(Exercise directions):
If pictures appear among the lines below, leave them out while you return exactly the lines from the one with "2. FULL NAME" through the one with "佳柔油田新区块开发首批核心装备装船。 照片由天津海关提供".

(Input for this task):
********

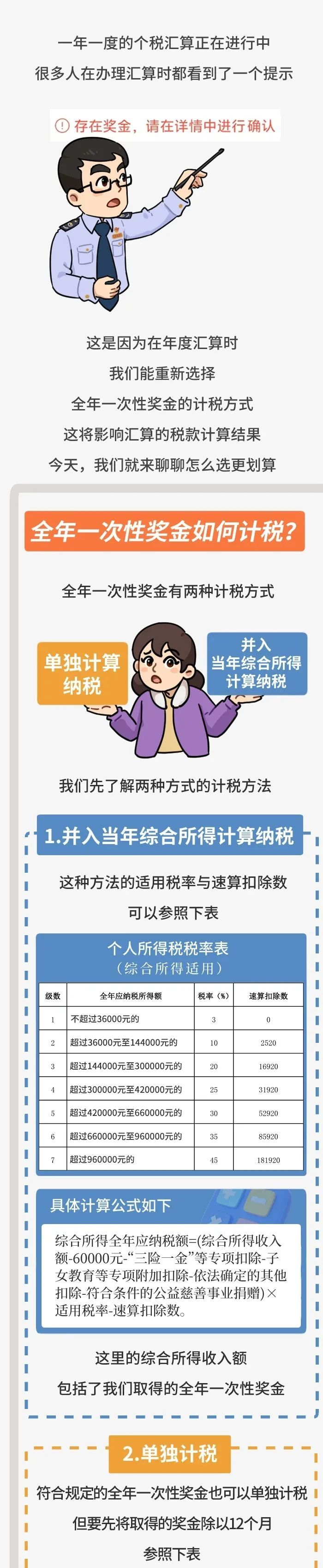 个税年度汇算,全年一次性奖金咋计税更划算?
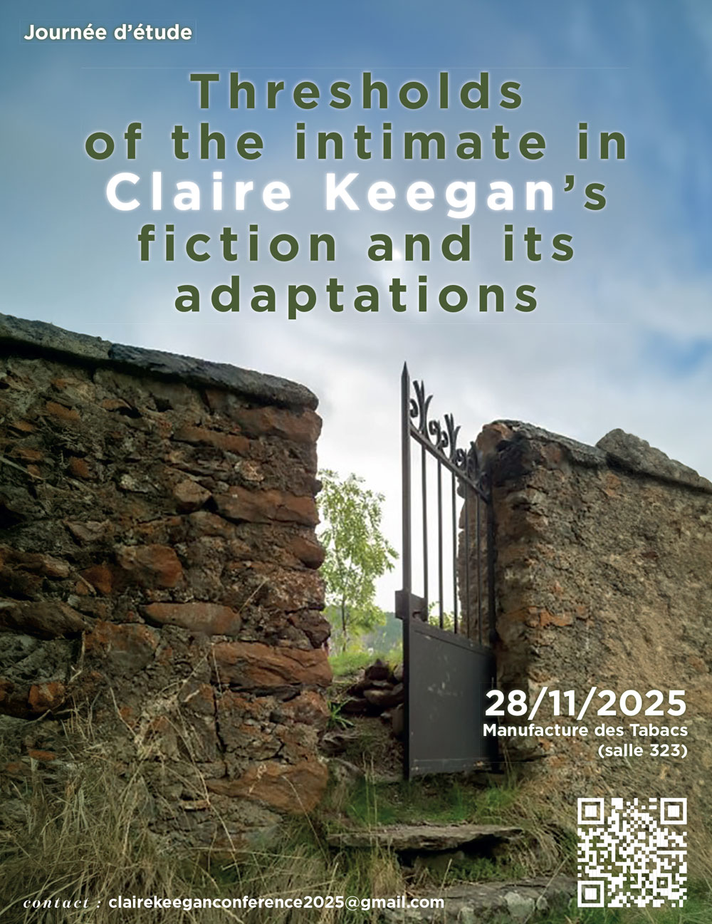 Panel 2 – Adapting, translating, transmitting (modération: Marie Mianowski)♦ 13h30-14h05 – Intervention de Jacqueline Odin (traductrice de C. Keegan vers le français)♦ 14h05-14h40 – Ludivine Bouton-Kelly (Univ. d’Angers): “Language as a ‘translational’ threshold in Foster and Small Things Like These, their translations into French and their cinematographic adaptations” ♦ 14h40-15h05 – Marine Berthiot, Univ. Lyon 2: “Magdalene Drama in and Beyond Ireland: A Comparative Study of Small Things Like These, directed by Tim Mielants (2024), and Piece of My Heart, by Fiona Samuel (2009)” |
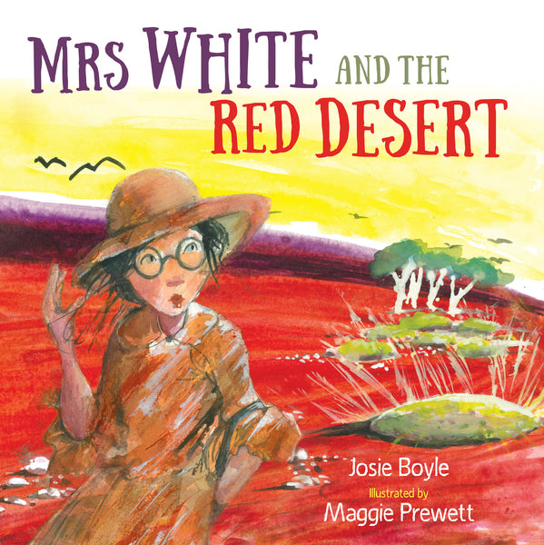 When a group of desert children invite their school teacher, Mrs White, home for dinner to show her why their homework is always grubby, no-one expects what is to come! They are happily showing Mrs White their higgledy piggledy garden when suddenly a big red sand storm comes billowing over the hill. Sand and spinifex whips at their legs and flies at their heads. They can hardly see through the storm. They hurry back home, only to discover that everything is now red. Their lovely clean house is covered in red dust. The beds are red. The washing on the line is red. The table is red. Their delicious dinner is red and ruined. And Mrs White’s clean white dress has turned into a dusty red dress. Now Mrs White finally knows why the children’s homework is always so grubby!
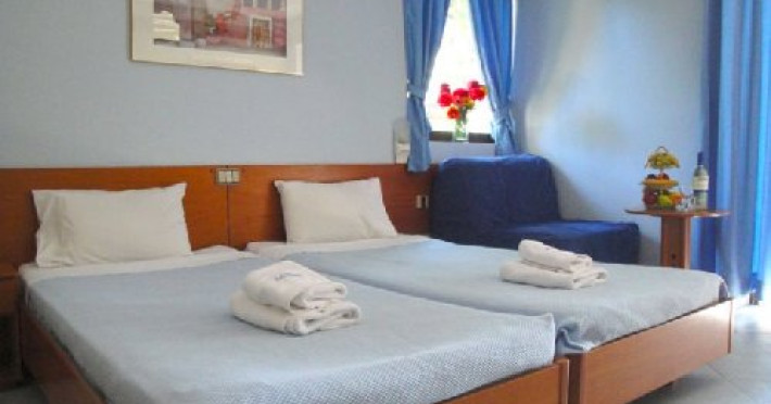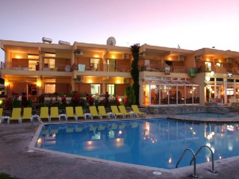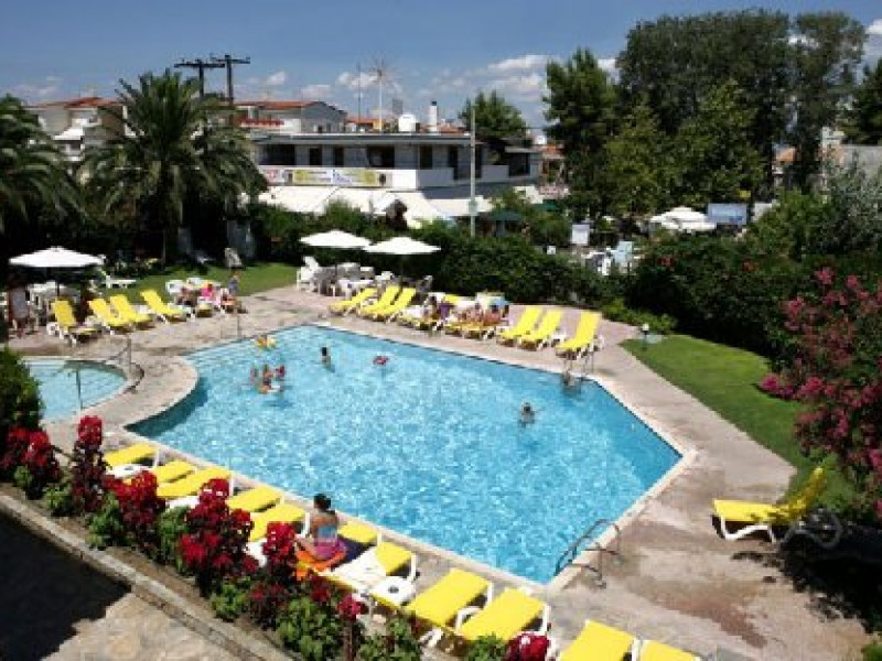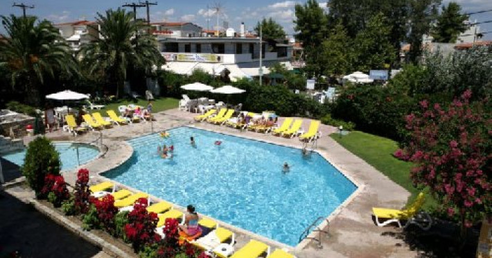 Localizare: in Halkidiki, pe bratul Kassandra, la cca 150 m de centrul localitatii Hanioti si cca 200 m de plaja. In apropiere se afla un supermarket si in centrul statiunii numeroase baruri si taverne. In apropiere se afla un loc de joaca pentru copii si un parc.
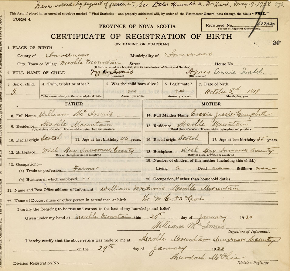 2. FULL NAME OF CHILD McInnis, Agnes Annie Isabel
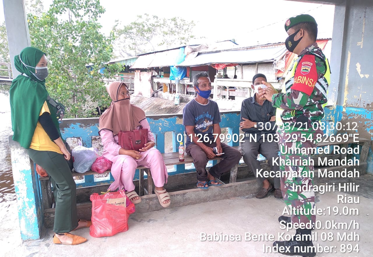 Praka Hendri Babinsa Koramil 08/Mandah Kodim 0314/Inhil Tegaskan Penegakkan Disiplin Masih Berlanjut yang disampaikan kepada calon penumpang yang sedang menunggu kapal di Pelabuhan Penumpang tersebut
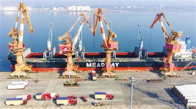 佳柔油田新区块开发首批核心装备装船。 照片由天津海关提供
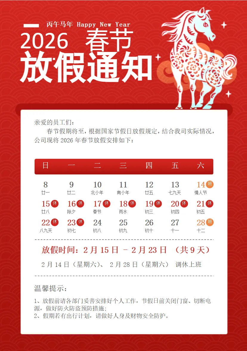 2026马年春节放假通知.docx
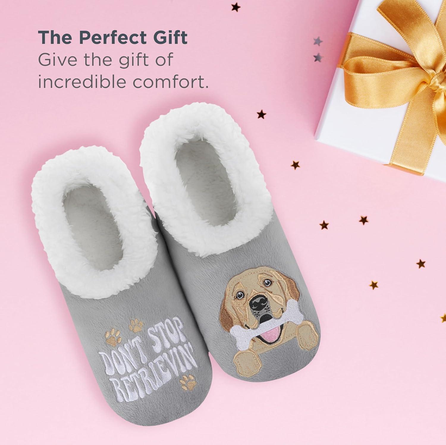 Snoozies Pairable Slipper Socks – Funny House Slippers for Women, Non-Slip Fuzzy Slipper Socks(Don’t Stop Retrievin’)
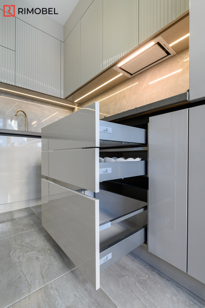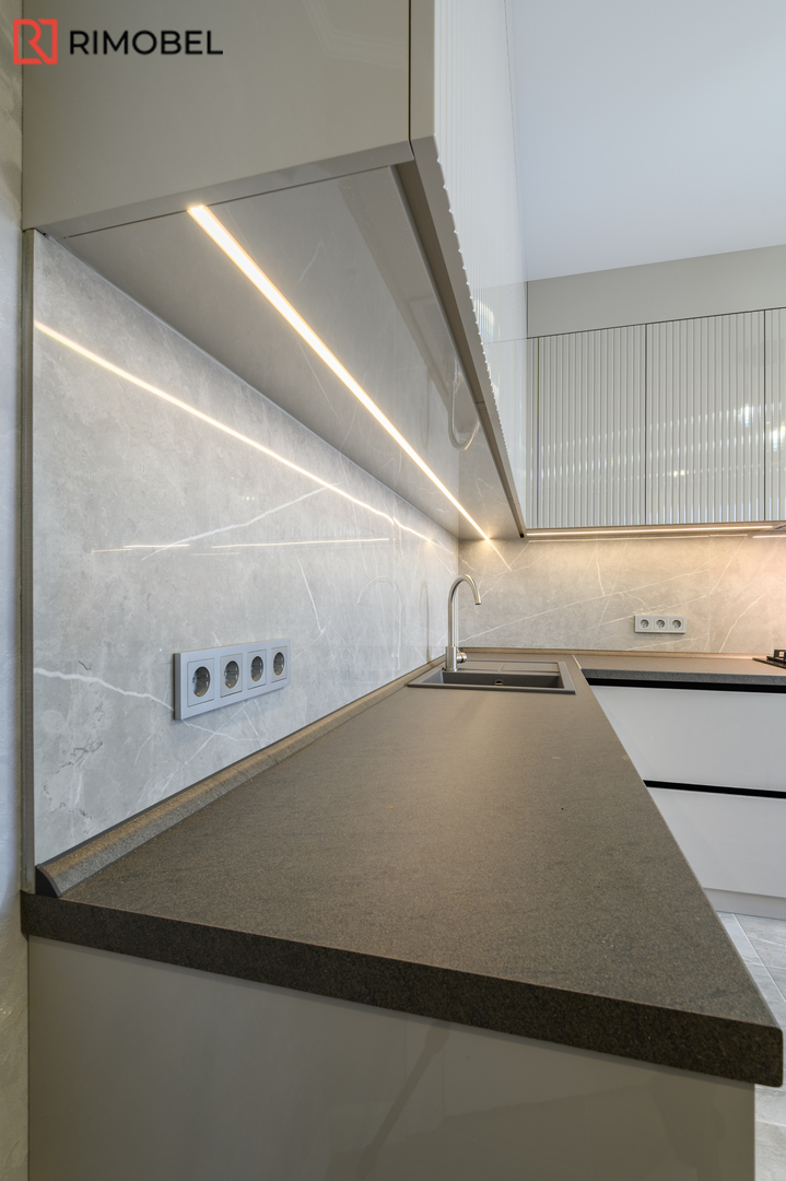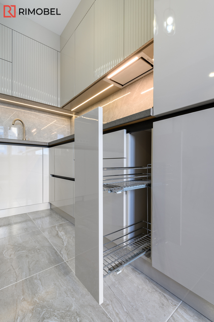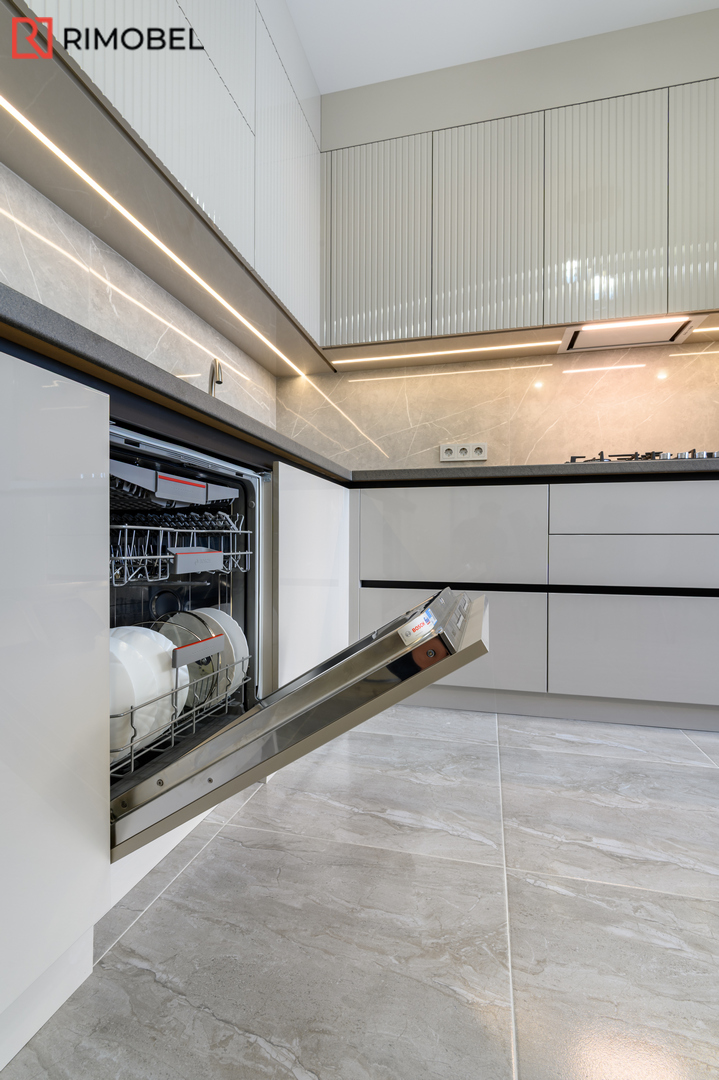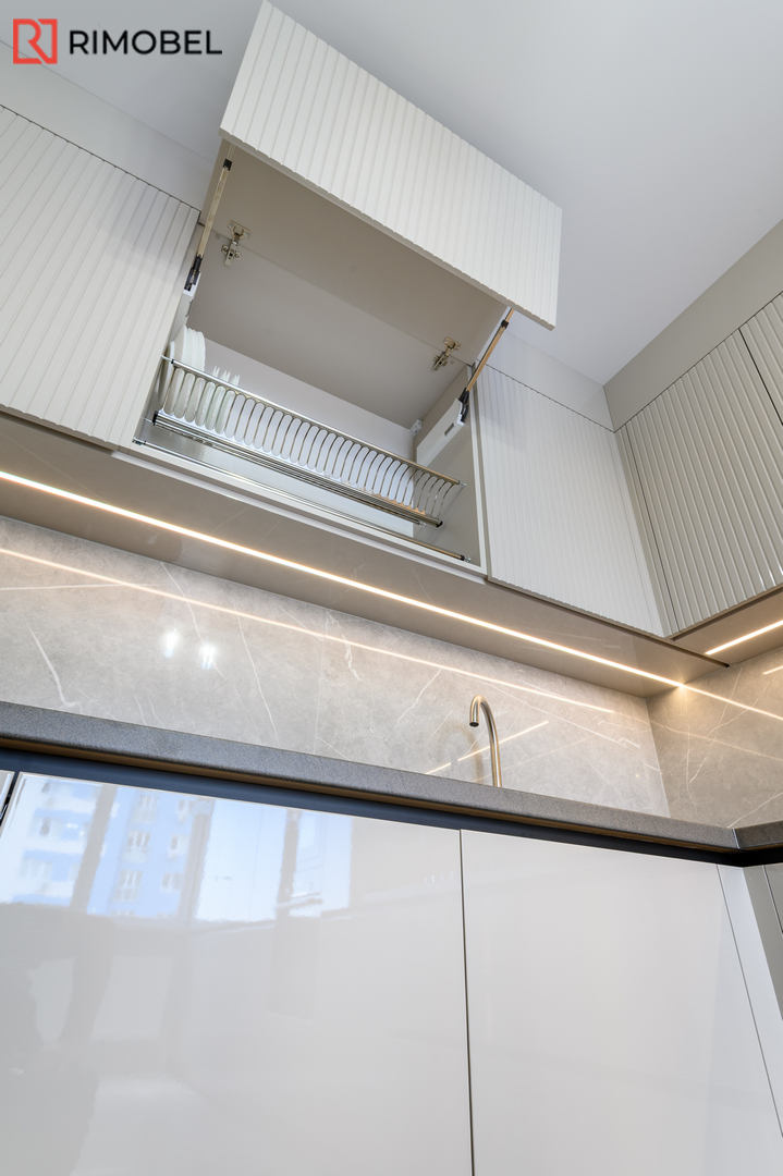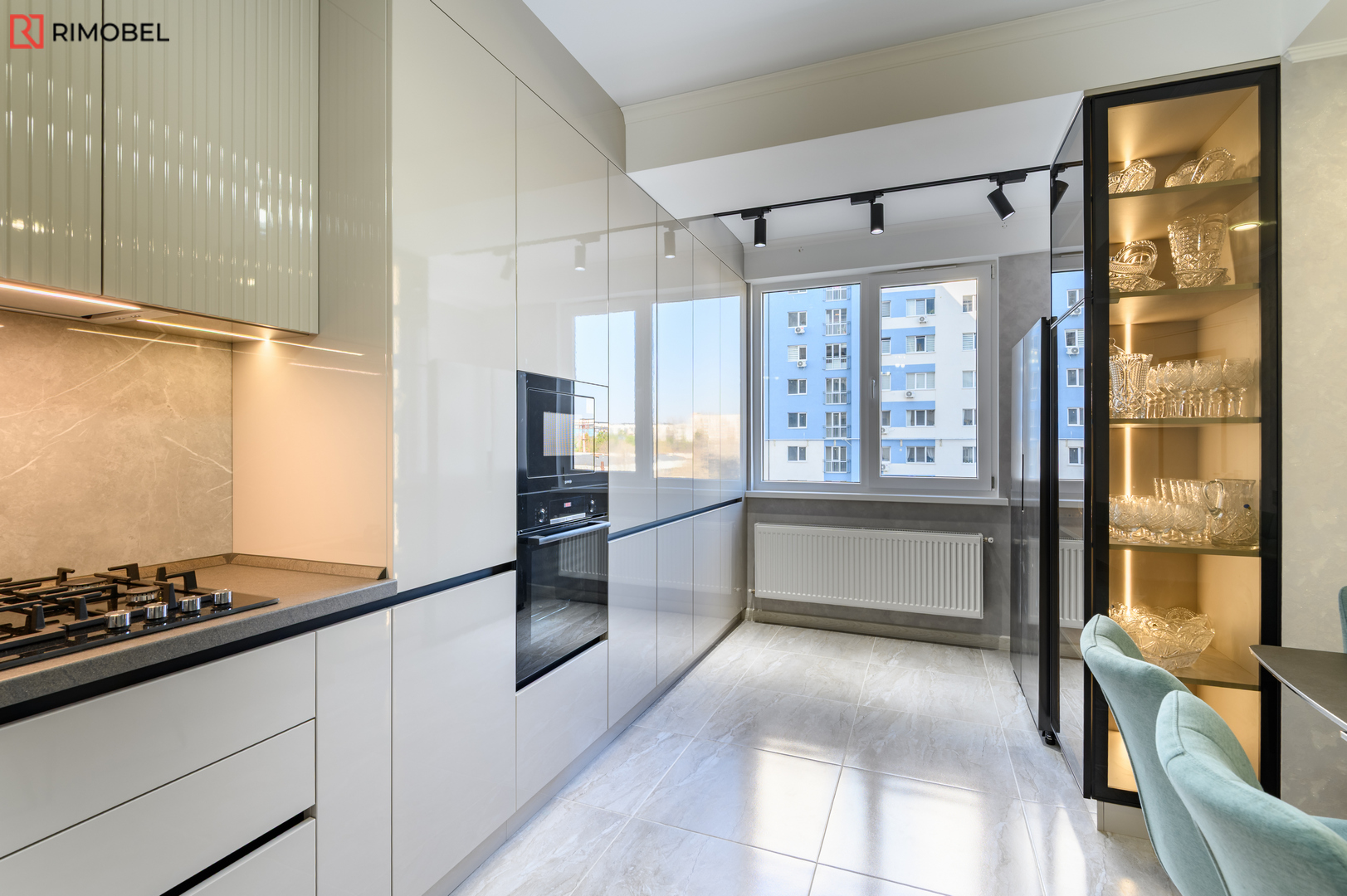 Luminoasă, practică și atent finisată – această bucătărie modernă realizată de Rimobel în Chișinău impresionează prin echilibrul între funcționalitate și estetică. Fațadele din MDF vopsit lucios, într-o nuanță caldă de bej, reflectă discret lumina, creând un ambient aerisit și contemporan.

********

(Exercise solution):
 2. FULL NAME OF CHILD McInnis, Agnes Annie Isabel
 Praka Hendri Babinsa Koramil 08/Mandah Kodim 0314/Inhil Tegaskan Penegakkan Disiplin Masih Berlanjut yang disampaikan kepada calon penumpang yang sedang menunggu kapal di Pelabuhan Penumpang tersebut
 佳柔油田新区块开发首批核心装备装船。 照片由天津海关提供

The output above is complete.